En ese entonces en Europa considerábamos al vino algo tan normal y saludable como la comida, además de una bebida capaz de brindarte felicidad, bienestar y placer. Beber vino no era un esnobismo ni un signo de sofisticación ni de cultura; era algo tan natural como alimentarse y, para mi, tan necesario como eso. No se me hubiera ocurrido sentarme a comer algo sin beber, ya sea vino, sidra o cerveza. Me encantaban todos los vinos, excepto los vinos dulces o los que eran muy pesados.
Roald Dahl
Conocido por los libros para niños como “Charlie y la Fábrica de Chocolate”, Dahl también escribió historias perversas e ingeniosas para adultos. “El gusto” gira en torno a una apuesta entre dos conocedores del vino sobre la identificación de una botella «misteriosa» y el esnobismo del vino.

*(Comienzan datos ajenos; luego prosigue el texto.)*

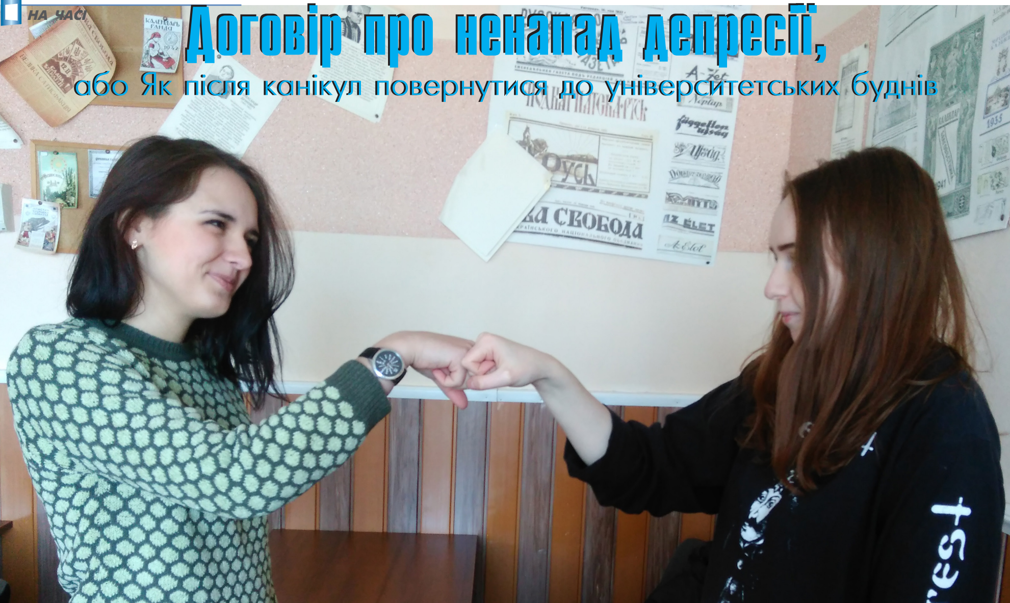
Порадійте зустрічі з одногрупниками так, як це роблять рекламісти відділення журналістики

або Як після канікул повернутися до університетських буднів
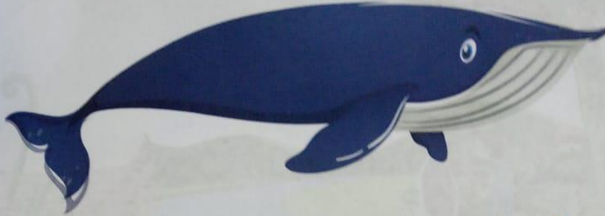
Ballena Azul 33 Metros
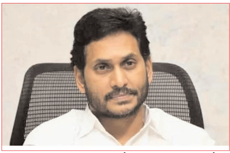
సాంప్రదాయాలను పాటించడం లేదని, తనకు ప్రతిపక్ష నేతగా

ఇయ్యాలి న్యూస్, ఏపీ, జూలై 23: వైఎస్సార్సీపీ అధినేత, మాజీ సీఎం వైఎస్ జగన్ ఏపీ హైకోర్టును ఆశ్రయించారు. ఏపీ అసెంబ్లీ లో తనకు ప్రతిపక్ష నేత హోదా ఇవ్వాలని స్పీకర్ను ఆడించాలని మంగళవారం పిటిషన్ దాఖలు చేశారు. సభలో ప్రతిపక్షంలో ఎవరు ఎక్కువ సభ్యులు ఉంటే వారికి ప్రతిపక్ష హోదా ఉంటుందని సూచిస్తూనే తనకు ప్రతిపక్ష నేత హోదా ఇవ్వాలని కోరారు. ఏపీ శాసనసభలో పార్లమెంటరీ

Richard Pratt era un famoso gourmet, presidente de una pequeña sociedad gastronómica conocida por «Los epicúreos», que mandaba cada mes a todos sus miembros un folleto sobre comida y vinos. Organizaba comidas en las cuales eran servidos platos opíparos y vinos raros. No fumaba por terror a dañar su paladar, y cuando discutía sobre un vino tenía la costumbre, curiosa y un tanto rara, de referirse a éste como si se tratara de un ser viviente. «Un vino prudente —decía—, un poco tímido y evasivo, pero prudente al fin.» O bien, «un vino alegre, generoso y chispeante. Ligeramente obsceno, quizá, pero, en cualquier caso, alegre».
Naturalmente, la cantidad de autores que podrían integrar esta lista es muy numerosa. Quedaron fuera otros como James Joyce, Charles Bukowski, Baudelaire y Jane Austen. Esta última, en su novela Emma, dice que uno de sus personajes «había bebido el vino suficiente como para elevar su espíritu, pero en absoluto como para confundir su inteligencia«.